Так и остались мы на Кавказе. Уж здесь-то немцев никто не ожидал. Не верилось, чтоб могли они так далеко продвинуться. Потом пришло лето сорок второго, а с ним и немцы. Оккупанты. И были мы под ними четыре месяца с лишним.

Немцев отогнали далеко, за Ростов, когда в городе появились летчики. По утрам они уезжали к своим машинам, а вечерами возвращались, снимали комбинезоны и шли в клуб, где бывали танцы, в старенький кинотеатр, превращенный в дом офицеров, или в свою столовку.

Когда мать устроилась в столовую судомойкой, мы заметно повеселели: летчиков кормили неплохо.

Я с нетерпением ждал вечера. Едва начинало темнеть, как мне уже не сиделось дома.

Люська бросала свои куклы и ждала меня.

Проходившие через город красноармейцы оставили нам котелок. Мать варила в нем во дворе на таганке из двух поставленных на ребро кирпичей. Я брал котелок, наказывал Люське не баловаться с огнем, электричества не было, в комнате горела коптилка из гильзы. Я ждал за дверью, когда звякнет Люська крючком, и не спеша, чтоб порядком стемнело, направлялся к столовке.

С черного хода я входил в длинный коридор и, миновав его, заглядывал в посудомойку.

Мама меня ждала, а если не успевала заметить, ей кричали товарки-женщины с красными по локоть руками:

- Эй, Даша, твой "кормилец" притопал…

Все звали меня "кормильцем", я не понимал иронии и прозвище принимал как должное.

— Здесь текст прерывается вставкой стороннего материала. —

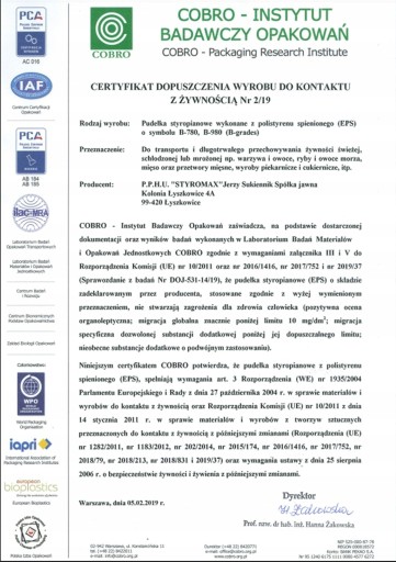 Na produkowane pudełka styropianowe posiadamy Świadectwo Jakości Zdrowotnej (Certificate Of Health Quality), dopuszczające do transportu w tych pudełkach żywności, suplementów dietetetycznych i produktów leczniczych w opakowaniach własnych.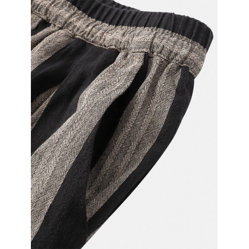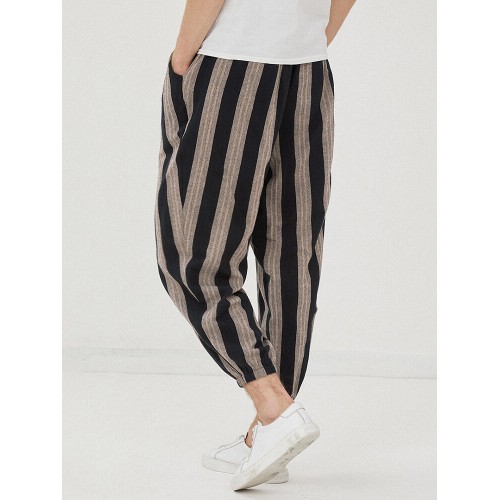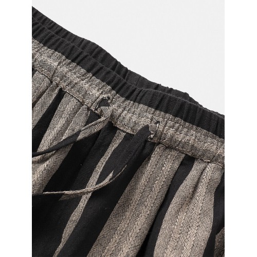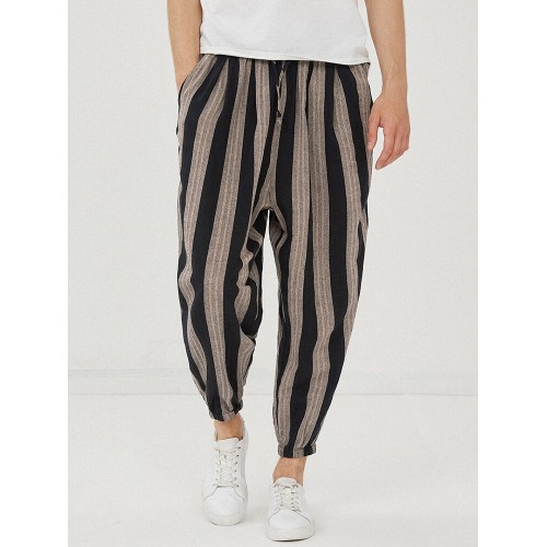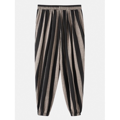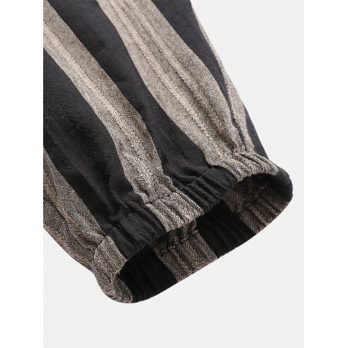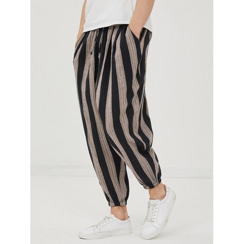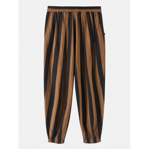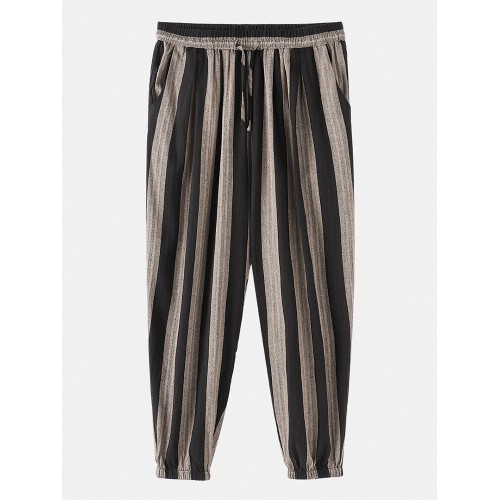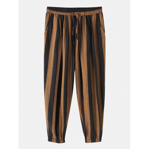 Mens 100% Cotton Striped Loose Drawstring Waist Casual Harem Pants

Взяв из рук моих котелок, мама легонько выталкивала меня в коридор и говорила, чтоб ждал ее около входа.

Через несколько минут котелок возвращался ко мне, полный пшенной каши с кусочками мяса, ее почему-то летчики не жаловали и почти всегда оставляли, иногда попадались и котлеты. Не котелок, а скатерть-самобранка…

Я возвращался как-то с полным котелком из столовой, внимание мое привлекли костры на заросшем тополями берегу Терека. Решив посмотреть, что там, я двинулся к метавшимся среди стволов огням.

В роще над Тереком расположились лагерем возвращавшиеся по своим домам беженцы. К тому времени был освобожден Северный Кавказ, и из-за Большого хребта люди шли и шли на Кубань и в Ставрополье. Городские власти сбивались с ног, организуя им ночлег, питание и отправку в товарных вагонах по железной дороге, но бывало, что не хватало вагонов и места под крышей для вновь прибывших.

На берегу расположилось несколько семей. Там было какое-то подобие палатки: под одеялом, натянутым на две ручные тележки, возились ребятишки, женщины и горбатый старик сидели у костра. Во второй костер подкладывала хворост седая косматая старуха, третий костер уже догорел, и возле огня не было никого.

Я подошел поближе. Нам тоже досталось несладко. Когда город бомбили, мать решила перебраться с нами в соседний хутор. Сложив самое необходимое на тележку, она увела нас из города, и мы пережили тяжкое время в деревне.

Потом вернулись в город, и сейчас у нас был дом, был свой угол.

У этих людей не было ничего…

Вдруг кто-то тронул меня за рукав. Я повернулся и увидел малыша, чуть постарше нашей Люськи.

В одной руке он держал алюминиевую крышку от немецкого котелка, второй цеплялся за мою руку, а глаза его смотрели в котелок с пшенной кашей.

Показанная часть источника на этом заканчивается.